2. (Amended) The tool according to claim 1, wherein the insert or inset determines or contributes to the hot gas geometry of the blade of the turbine blade.

3. (Amended) The tool according to claim 1, wherein at least two inserts or insets are constituted in opposed tool blocks, such that when assembled they form, for determining the geometry of the blade, a cylindrical insertion unit which is rotatable around its longitudinal axis in the tool blocks for setting the attack angle of the blade and which can be fixed in different rotation positions.

4. (Amended) The tool according to claim 1, wherein the rotatable insert or inset can be fixed in rotation positions which respectively differ by about 0.25-0.5.degree..

5. (Amended) The tool according to claim 1, wherein the, or a further, insert or inset is arranged to be displaceable along an axis in a tool block which determines the geometry of the blade platform, such that in different displacement positions, different heights of the blade platform are produced.

6. (Amended) The tool according to claim 1, wherein adapters are provided which are insertable into interspaces arising between the insert or inset and the tool blocks and/or between several inserts or insets.

7. (Amended) The tool according to claim 1, wherein at least one insert or inset can be fixed in the different positions and/or orientations with respect to the tool block by means of securing pins which engage in corresponding recesses in the tool block.

8. (Amended) The tool according to claim 1, wherein the tool blocks include, arranged on a baseplate, a tool block for the pressure side of the blade, a tool block for the suction side of the blade, a tool block for the blade platform, and a tool block for the blade band of the turbine blade.

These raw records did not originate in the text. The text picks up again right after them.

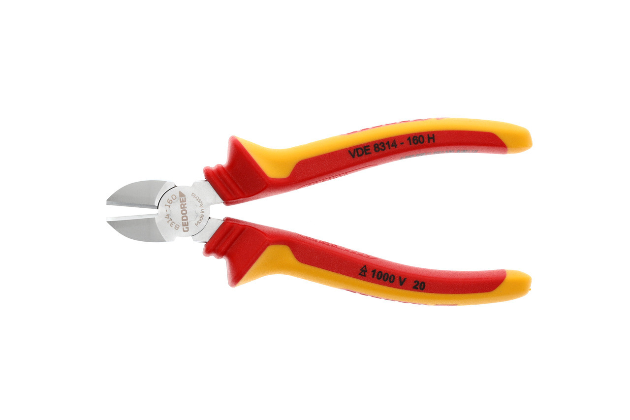 Úzka hlava, ideálna do tesných priestorov, Presné rezné hrany kalené indukčne, tvrdosť reznej hrany 63 - 65 HRC, Špeciálna oceľ GEDORE na zlepšenie, kovaná matrične, kalená v oleji a popúšťaná, Ramena s izolačným obalom podľa EN 60900/IEC 60900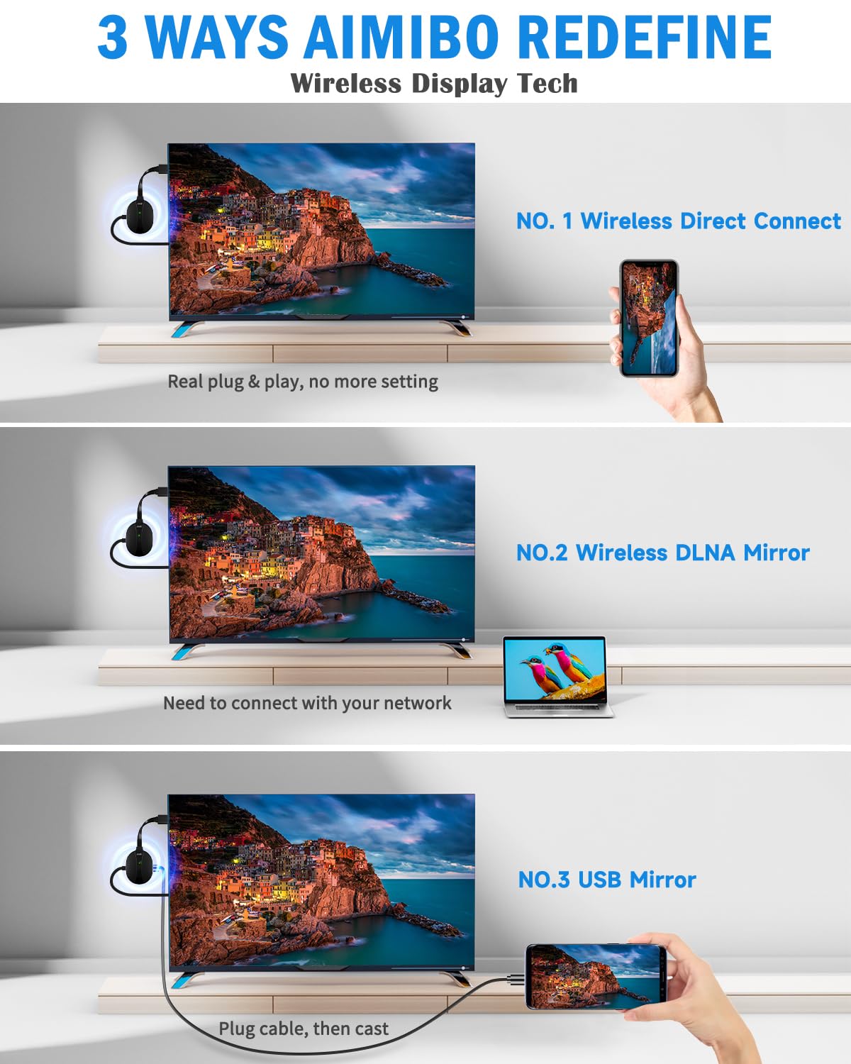 - 【 Truly Plug & Play Screen Mirroring】AIMIBO redefines wireless display technology with truly plug-and-play tech — no apps, no Wifi, no hassle. Designed to solve the biggest pain points for iOS and Mac users. Perfect for work, travel, or home entertainment.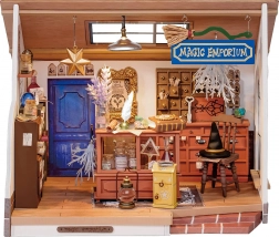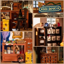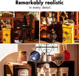 Drvene police, ladice i pult s napitcima, kristalima i šeširom vještice donose realističan izgled i radost otkrivanja svakog kutka.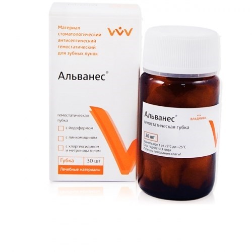 Губка «Альванес» состоит из лиофилизированного коллагена, в который введены кровоостанавливающие компоненты, влияющие на отдельные стадии свертывания крови, в частности на остановку капиллярного кровотечения, а также анестетические компоненты (лидокаин).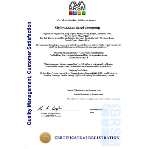 شرکت جهانفولاد سیرجان در ادامهی روند کسب موفقیتهای درخشان در سال ۱۴۰۲، توانست این بار در حوزهی مشتریمداری و در راستای تعهد به ارایهی محصولات تولیدی باکیفیت مطلوب، به عنوان اولین شرکت تولید کننده شمشهای فولادی در منطقهی معدنی و صنعتی گلگهر، گواهینامههای استاندارد ISO 10004(سیستم مدیریت رضایتمندی مشتریان) و استاندارد ISO 10002(سیستم مدیریت رسیدگی به شکایات مشتریان) را اخذ نماید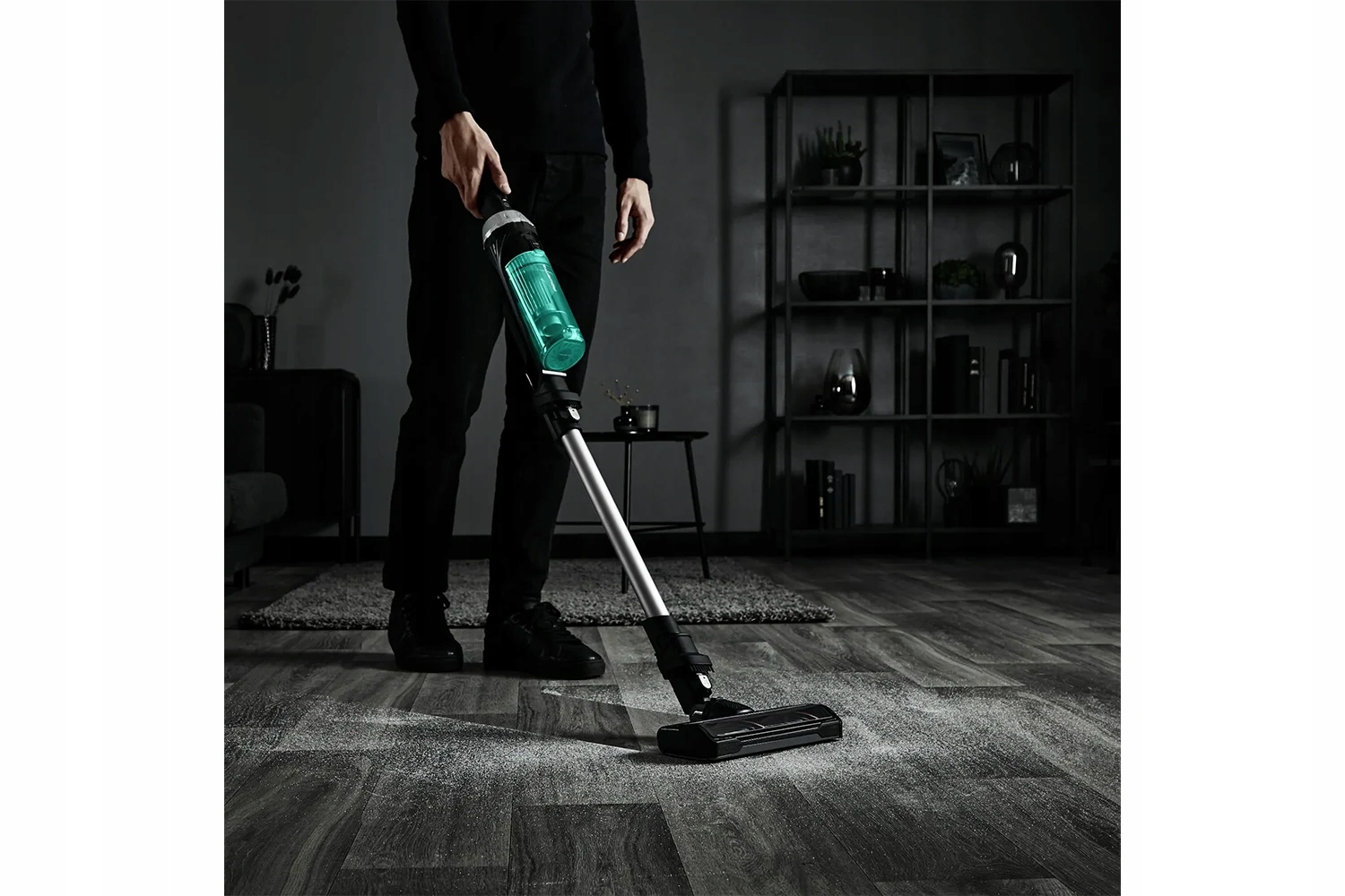 Wydajny akumulator pozwala na swobodne odkurzanie całego mieszkania bez konieczności doładowywania.

9. (Amended) A process for production of a shaped part for a turbine blade, comprising the steps of: assembling several tool blocks with positive engagement for formation of a cavity which gives the shape of the turbine blade; introducing liquid material into the cavity and hardened in the cavity; removing the tool blocks; using at least one tool block which receives, before the introduction of the liquid material, a rotatable or displaceable insert or inset which borders on the cavity with a surface, the insert or inset being fixed, before the introduction of the flowable material, in a position and/or orientation with respect to the at least one tool block in order to set the shape of the cavity with the selected position and/or orientation.

10. (Amended) The process according to claim 9, wherein the insert or inset is fixed in the selected position and/or orientation with respect to the tool block by means of securing pins.

11. (Amended) The process according to claim 9, wherein, before the introduction of the flowable material, adapters are inserted into interspaces arising between the insert or inset and the tool blocks and/or between several inserts or insets.

12. (Amended) The process according to claim 9 for the adjustment of the attack angle of the blade of the turbine blade on the shaped part.

13. (Amended) The process according to claim 9 for the adjustment of the height of the blade platform of the turbine blade on the shaped part.

14. (New) A tool for casting a shaped part for production of a turbine blade, comprising: a plurality of tool blocks which, when assembled with positive engagement in a predetermined manner, form a cavity for the shaped part into which flowable material can be introduced by means of one or more access apertures; wherein at least one of the tool blocks for receiving a rotatable or displaceable insert or inset which borders on the cavity with a surface and which can be fixed in different positions and/or orientations with respect to the at least one tool block, so that different cavity geometries are formed in the different positions and/or orientations of the insert or of the inset.